The downside of “a nation of laws, not men” to determine legal outcomes is a system based on competing principles and interests employing hard to follow procedures that often result in differing opinions all the way up to the U.S. Supreme Court. And even the “finality” of a Supreme Court decision may not endure the tests of time and cultural changes, as we all have seen during our own lifetimes.

Lawyers play a key role at all levels of our justice system in ensuring that the rich and powerful do not exploit the poor and vulnerable.

The justice system needs our help with resources to promote advocacy and balanced court orders. Charitable human services and federal and local government funding for Boulder County Legal Services and other legal aid programs for the poor is a drop in the bucket. Local lawyers contribute thousands of “pro bono” hours each year to help BCLS provide low-income residents with legal advice and representation. But only a fraction of those in need receive the services necessary to present their case in a way that harnesses the legal protections to which they are entitled.

The Camera editorial implies that the county court ruling allowing an eviction for overdue water costs despite the Mobile Home Park Act’s provisions forbidding evictions for unpaid utilities resulted from a hurried decision that ignored the role courts play in “defending the rights of the voiceless and powerless.”

I agree with the premise that “asymmetry of resources should not determine outcomes” but the imbalance largely is based on the lack of affordable lawyers to present the facts and legal analysis to judges who do not have the resources to effectively assess and consider the legal issues.
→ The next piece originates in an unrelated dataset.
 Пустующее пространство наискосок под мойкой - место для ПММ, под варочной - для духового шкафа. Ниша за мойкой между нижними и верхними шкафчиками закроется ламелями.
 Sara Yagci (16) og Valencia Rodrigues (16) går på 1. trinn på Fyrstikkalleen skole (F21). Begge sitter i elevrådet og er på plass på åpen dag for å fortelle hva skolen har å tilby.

The Mobile Home Park Act is a convoluted and confusing set of poorly written and designed statutes that even experienced judges, who want to be fair, find hard to understand and implement. Without exception, the Boulder County and District Court judges applaud the representation that legal aid and pro bono lawyers provide for low-income residents because they know that having advocates on all sides helps courts make better decisions.
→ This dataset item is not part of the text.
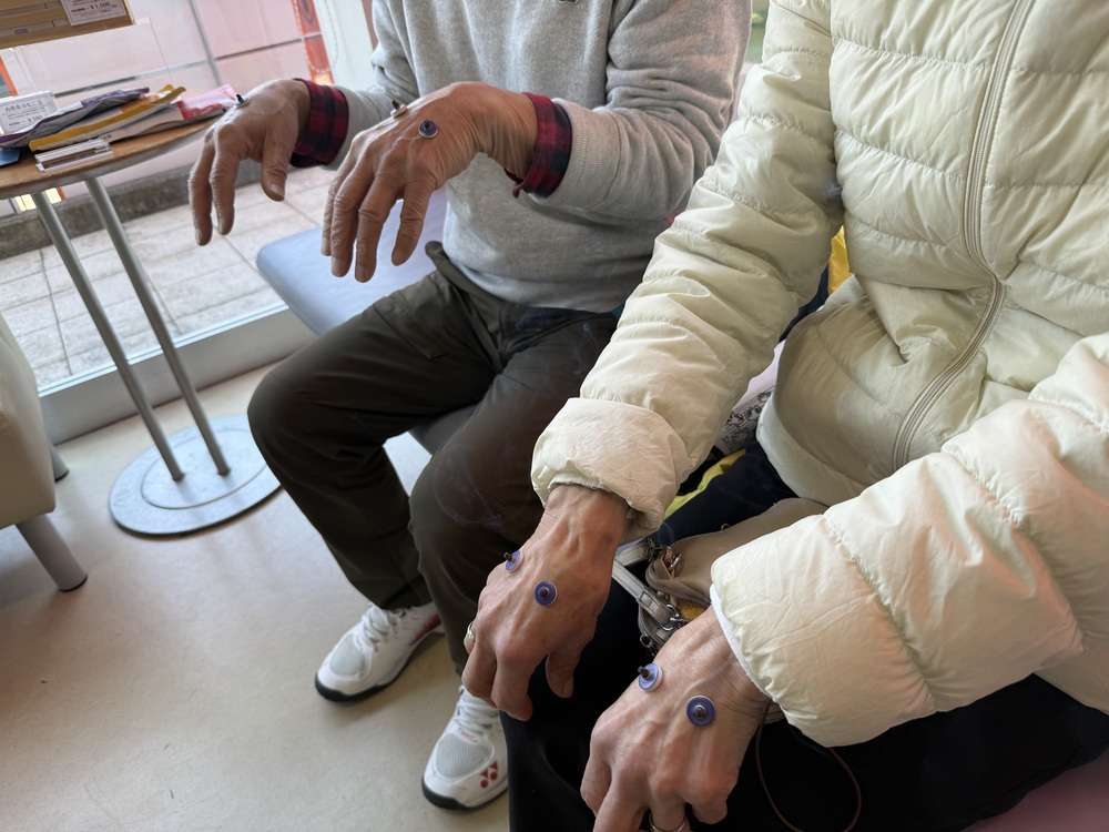 家庭用のセルフケア商品「こりスポッと」を使って、コリが気になる部位のツボに貼る「ツボ刺激体験」。丸いシールに小さな樹脂の粒が付いており、鍼のように刺さったりしないタイプなので、金属アレルギーの方や、鍼が苦手な方にも抵抗なく体験いただくことができます。また、新潟県産の上質なもぐさを使用したお灸「台座灸ヨモニコ」体験も可能です。参加者の皆さんは、それぞれコリが気になる部位に、運動の前や後に「ツボ刺激」体験をしていただき、セイリンの鍼灸商品の効果を実感いただけます。

Judges are not allowed to explain their decisions and can provide “clarification” of their rulings only in very limited circumstances. It is unfair to accuse a judge or court staff of “circling the wagons” for following the procedural and ethical rules meant to protect the public from a politicized bench that responds to pressure from an all too often ignorant press.

Rather than criticizing an individual judge for a decision made without the benefit of legal advocacy on both sides, the press should support efforts to enable all litigants’ access to legal representation.

Melody Fuller is a former Boulder County Bar Association president and former managing attorney for Boulder County Legal Services.